DOI : 10.17577/IJERTV15IS060251
- Open Access
- Authors : Sasigaran S, Marimuthu R
- Paper ID : IJERTV15IS060251
- Volume & Issue : Volume 15, Issue 06 , June – 2026
- Published (First Online): 14-06-2026
- ISSN (Online) : 2278-0181
- Publisher Name : IJERT
- License:
This work is licensed under a Creative Commons Attribution 4.0 International License
Fake Social Media Profile Detection and Reporting
Sasigaran S , Marimuthu R
Department of Cyber Forensics & Information Security
Dr MGR Educational and research institute , Tamil Nadu ,Chennai , India
Abstract – The growing presence of deceptive accounts on social networking platforms has become a serious concern, affecting user safety, trust, and the overall credibility of these platforms. This study presents a machine learning-driven framework designed to identify fraudulent social media profiles by drawing on a diverse set of features gathered from user-generated content, behavioural indicators, and social network structures. A carefully labelled dataset containing both authentic and fake profiles is used to train and validate the system.

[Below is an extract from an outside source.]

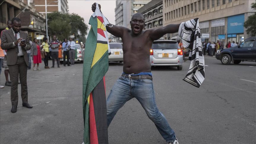 Stasiun televisi Afrika Selatan Enca menampilkan perayaan warga Zimbabwe yang memadati jalanan di ibu kota Harare.

Beyond detection alone, the framework also includes a community reporting channel that enables users to flag accounts that appear suspicious, actively contributing to the removal of harmful entities. System performance is measured through standard evaluation criteria including accuracy, precision, recall, and F1-score. The model is further verified through deployment in a real-world social media setting, confirming its practical value in limiting the spread of fraudulent accounts and improving the overall user experience.
Keywords – fake account detection; profile verification; fraudulent profiles; reporting mechanisms; classification metrics.
-
INTRODUCTION
Social media has transformed the way people communicate, share experiences, and stay connected with the world around them. Platforms such as Facebook, Instagram, and Twitter have become central to daily life, enabling users to build communities, follow news, and interact with brands and public figures. Yet alongside these benefits, a troubling pattern has emerged: the deliberate creation of false identities designed to mislead, manipulate, or exploit other users.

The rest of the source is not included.